Dr Nicola Carr, who helped carry out the study, said: "Over half of the survey's respondents expressed support for same-sex marriage."

She added that there was still some disapproval of gay adoption and also to lesbians having access to fertility treatment on the same basis as heterosexual women.

They survey also suggested at least one in four people did not believe that a lesbian or gay parent or parents with a child constituted a "family".

'Shocking that we're behind'

Men exchange wedding rings

England and Wales will see gay marriage become law in March.

The Scottish Parliament has approved in principle legislation to introduce same-sex marriage, which is opposed by the Church of Scotland and Catholic Church.

The Northern Ireland Assembly is not currently considering any legislation to allow same-sex marriage.

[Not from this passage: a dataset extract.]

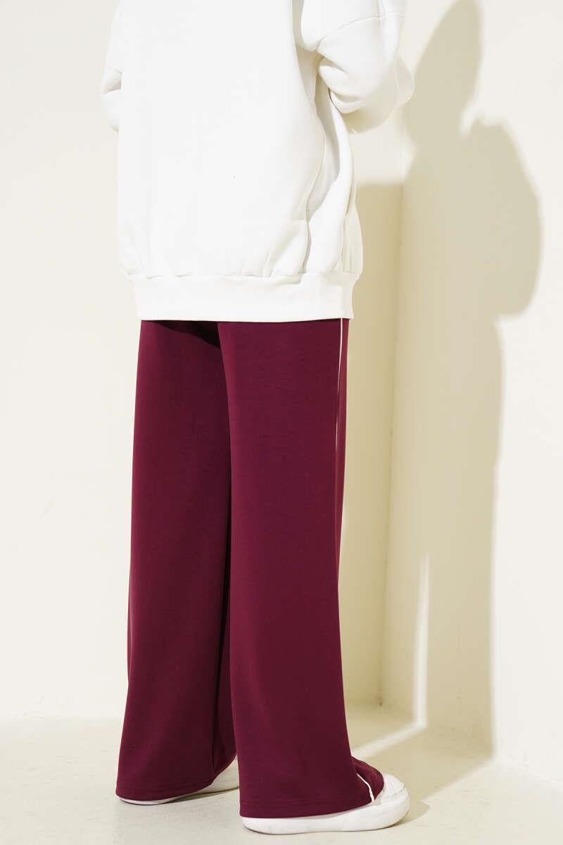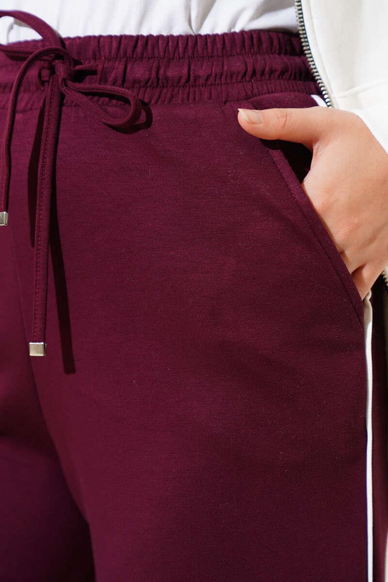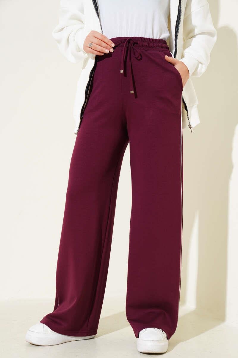 Side Piping Elastic Waist Trousers Burgundy (0643-453-675646)

Colin thinks politicians in Northern Ireland are "completely out of touch" and need to get in line with Britain and introduce gay marriage.

"I think it's shocking that we're [Northern Ireland] way behind in the UK," he said.

"I think it's ridiculous when we're a country that is so proud to be part of the UK and we've got our politicians fighting to remaining part of the UK yet we can't follow the same laws that they have."

The survey also found that, in general, females and those aged under 65 were more likely to report positive attitudes to same-sex relationships.

Northern Ireland is generally more religious than the rest of the UK and Colin believes that plays a big part in informing peoples attitudes.

"The 28% that don't agree would be your hard lined 'bible bashers' and the older community who maybe don't understand as much as they don't agree with it."

The findings suggest that while the majority of those who were listed as having no religion (74%) or as Catholic (66%) supported same-sex marriage, less than half (45%) of those defining as Protestant were in support of it.